The next to be built -

I had an NOS Corsa Frame. Went full Rival - (tired of scrounging for period groups)

Someone told me I was nuts with a 'white bike' but I am liking the black / white / red thing..

Anyway - here it is in dry fit mode....


----------



## martinrjensen (Sep 23, 2007)

I went with more modern gruppo's on my bikes too. You will like the ride.


----------



## fasteddy07 (Jun 4, 2007)

I do like shifting on the brake -

I have an MX-Leader in DA 8, my Corsa Extra is in DA-8 , both with brifters and a Professional in DA-8 with indexed on the down-tube shifters.

My 1XM is in 7900 - sweet 

BUT - 

The bestest shifting rig - bar none is the corsa extra in DA 7400 8 Speed brifters - 

Just cant get going in putting together another set of that...

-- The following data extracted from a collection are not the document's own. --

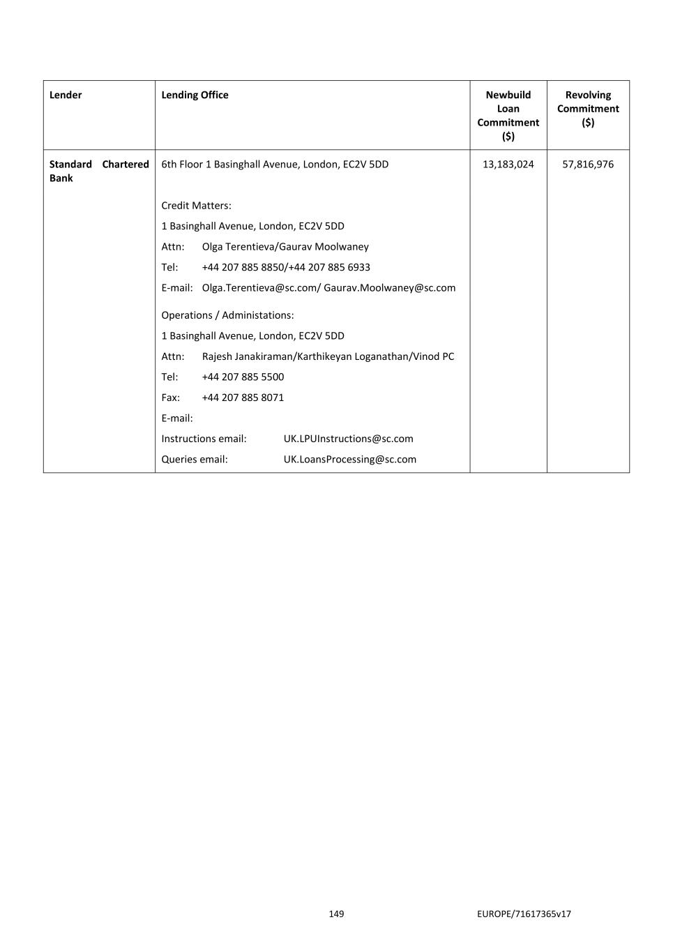 149 EUROPE/71617365v17 Lender Lending Office Newbuild Loan Commitment ($) Revolving Commitment ($) Standard Chartered Bank 6th Floor 1 Basinghall Avenue, London, EC2V 5DD 13,183,024 57,816,976 Credit Matters: 1 Basinghall Avenue, London, EC2V 5DD Attn: Olga Terentieva/Gaurav Moolwaney Tel: +44 207 885 8850/+44 207 885 6933 E-mail: Olga.Terentieva@sc.com/ Gaurav.Moolwaney@sc.com Operations / Administations: 1 Basinghall Avenue, London, EC2V 5DD Attn: Rajesh Janakiraman/Karthikeyan Loganathan/Vinod PC Tel: +44 207 885 5500 Fax: +44 207 885 8071 E-mail: Instructions email: UK.LPUInstructions@sc.com Queries email: UK.LoansProcessing@sc.com
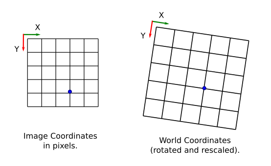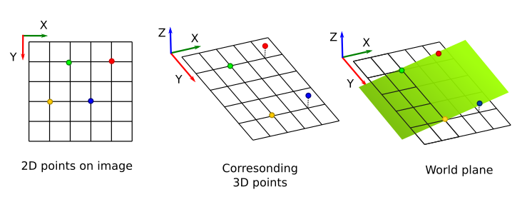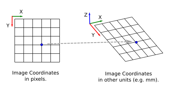 Image coordinates are denoted in pixels, with the origin point (0, 0) corresponding always to the top-left corner of the image. On the other hand world coordinates are denoted in real-world units, like millimeters, with the origin point placed at arbitrary location. Moreover, world coordinates can be three-dimensional and the plane of interest can be visible with perspective distortion. The task is to find the correspondence between the image and the world coordinates, and translate between ones and another.
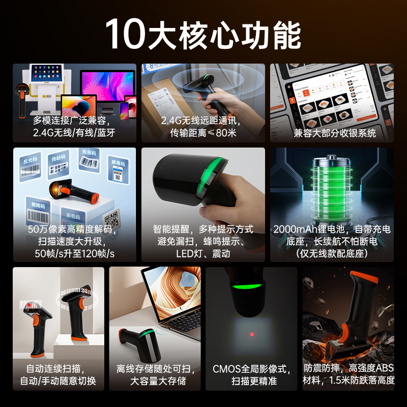 【扫码器】MP50高速款(一二维码+屏幕)商超/收银✅高速扫描
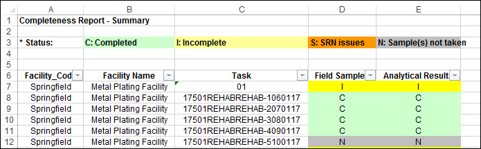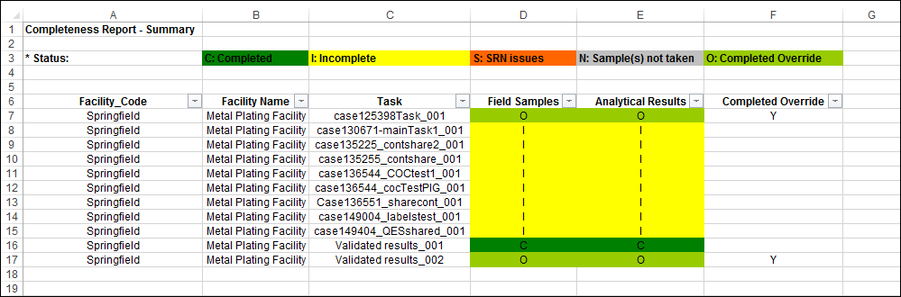 Overview: The Summary report is typically used for an overview of all tasks in a facility. Tasks that only contain activities will not show up in this report. For a more detailed view of task status, including Activity status, we recommend using the SPM - Completeness Report - Detailed report. The status of the "Field Samples" and "Analytical Results" columns follow the corresponding rules:
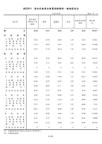 表E29-1 原住民族參加商業保險情形-按地區別分
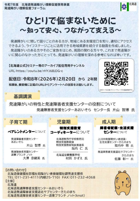 北海道では、令和7年度北海道発達障がい理解促進啓発事業における発達障がい理解促進フォーラムとして、「ひとりで悩まないために~知って安心、つながって支える~」をテーマに、発達障がいに関して困りごとがある方が、地域にある支援窓口を知り、適切にアクセスできるよう、ライフステージごとに活用できる制度などについて紹介する動画を配信中です。

I only have one friction shifting classic in the stable. Don't ride that much


----------



## latman (Apr 24, 2004)

I have a DA 7 spd Criterium and a 7410 DA 8spd STI Strada OS and that STI shifting is just as good as anything newer I have. (I Must admit i don't love Downtube shifting or single pivot calipers too much)


----------



## fasteddy07 (Jun 4, 2007)

*Agreed -*

Single pivot is rough compared to current dual pivot - but it gets the job done. 

If I have been on the cross bike, I nearly launch myself first time back on my Corsa with single pivots - then if I have been on that for a while and get on the 7900 equipped carbon Merckx I nearly launch off of that after the first couple of stops.

Spend any time with any of them and I adjust and they seem fine.


----------



## martinrjensen (Sep 23, 2007)

Actually, they really aren't. That's why Campy went back to them for the rear brake, because they are not quite as strong as dual pivot and mounted on the back, make it less likely to lock up the rear wheel.


fasteddy07 said:


> Single pivot is rough compared to current dual pivot *- but it gets the job done.*
> 
> If I have been on the cross bike, I nearly launch myself first time back on my Corsa with single pivots - then if I have been on that for a while and get on the 7900 equipped carbon Merckx I nearly launch off of that after the first couple of stops.
> 
> Spend any time with any of them and I adjust and they seem fine.


----------



## innergel (Jun 14, 2002)

What size is that, I'm guessing 60cm?
What color bar tape you going with?

Looks fantastic so far.


----------



## fasteddy07 (Jun 4, 2007)

_Thanks_

61CM measures to 60.5 C-C when I put a tape on it.

What color tape would _you_ put on there?

It has been a subject of debate - White? Red? Black? Combinations?

I am anxious to get it done. Still need to tap and face the bottom bracket and mill the fork crown race.


----------



## innergel (Jun 14, 2002)

fasteddy07 said:


> _Thanks_
> 
> 61CM measures to 60.5 C-C when I put a tape on it.
> 
> ...


61cm = damn near perfect! I could ride that bad boy, esp. with the extra stem height. Not often we get to see the big ones. 

I'd go white tape with red stitching. 









As an alternate, I'd go brown leather tape and matching saddle cover. (I could hook that up for you, if you are interested - click the link in my sig)


----------



## atpjunkie (Mar 23, 2002)

*red tape*

or Innergels Red / White


----------



## fasteddy07 (Jun 4, 2007)

I am on board with the red / white - 

I have a bin in on a red Merckx logo on white cork - If i don't get that, I like the look of that Fizik


----------



## AJL (Jul 9, 2009)

That's a sweet looking ride :thumbsup: Please post final build pics when you're done.


----------



## RekibTaf (Sep 10, 2008)

I've got a 60cm MX-Leader in the exact same colors. Mine is a respray though. Built with Campy Athena 11sp... I like modern groups on lugged frames... steel and carbon work well together.


----------



## metalheart (Sep 3, 2010)

I have a late nineties Corsa ... nice riding bike.


----------



## kablebike (Jul 24, 2011)

*Sweet ride*

That looks great. 
I am waiting for my own to be built up. 
Should be ready very soon


----------



## HigherGround (Mar 3, 2005)

Looks great fasteddy, I like it already! :thumbsup:


----------